MLA for Halifax Needham
- In office 1988–1998
- Preceded by: Edmund L. Morris
- Succeeded by: Maureen MacDonald

Personal details
- Born: Gerald Joseph O'Malley 25 November 1927 Halifax, Nova Scotia, Canada
- Died: 16 November 2018 (aged 90) Halifax, Nova Scotia, Canada
- Party: Liberal
- Spouse: Marie Elizabeth Langan ​ ​(m. 1953)​
- Occupation: Educator

= Gerry O'Malley =

Canadian politician (1927–2018)

Gerald Joseph O'Malley (25 November 1927 – 16 November 2018) was a Canadian politician. He represented the electoral district of Halifax Needham in the Nova Scotia House of Assembly from 1988 to 1998, as a member of the Liberals.

An avid educational advocate, O’Malley worked at Nova Scotia Community College as a principal before entering politics. He served in the Nova Scotia Assembly for a decade and became the minister of supply and services and then minister of science and technology under the premier, John Savage.

==Early life==
O'Malley was born in Halifax in 1927 to Michael O'Malley and Mary Brackett. He was educated at Saint Mary's University, originally wanting to be an electrician. He was in the Royal Canadian Air Force, retiring in 1967.

An avid educational advocate, O'Malley was a vocational teacher and later a principal at the Akerley campus of the Nova Scotia Community College in Halifax.

==Career==
In 1980, O'Malley was elected to Halifax City Council, where he was deputy mayor in 1984.

O'Malley entered provincial politics in the 1988 election, defeating New Democrat Maureen MacDonald by 776 votes in the Halifax Needham riding. He was re-elected in the 1993 election, defeating his New Democrat opponent by 972 votes. He served as a backbench member of John Savage's government until March 1995, when he was appointed to the Executive Council of Nova Scotia as Minister of Supply and Services.

In March 1996, O'Malley was shuffled to minister of science and technology. When Russell MacLellan was sworn-in as premier in July 1997, O'Malley was moved to minister of labour.
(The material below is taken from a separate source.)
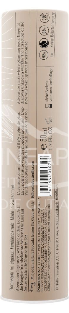 Unleash your inner nomad! Eau de Parfum nomad by Farfalla is a woody-fresh fragrance made from pure essential oils. Experience freedom with mandarin, iris and vetiver. 100% natural, vegan and NaTrue certified organic cosmetics

O’Malley was moved to the labour portfolio, where he brought in safety training changes in the wake of the Westray mining disaster that resulted in 26 deaths. During his time as minister of supply and services, O'Malley once faced public criticism and outcry when he was in Sydney to announce the plan to cap the tar ponds. Protesters forced him to cut short the event and he was escorted out of the room due to security concerns as the protests intensified.

Despite indications he might retire, O'Malley ran for re-election in 1998, but was defeated by New Democrat Maureen MacDonald by over 2,300 votes.

==Personal life==
O'Malley married Marie Elizabeth Langan in 1953. They had four children. He continued to live in Nova Scotia until his death at his Halifax home on 16 November 2018, nine days before his 91st birthday.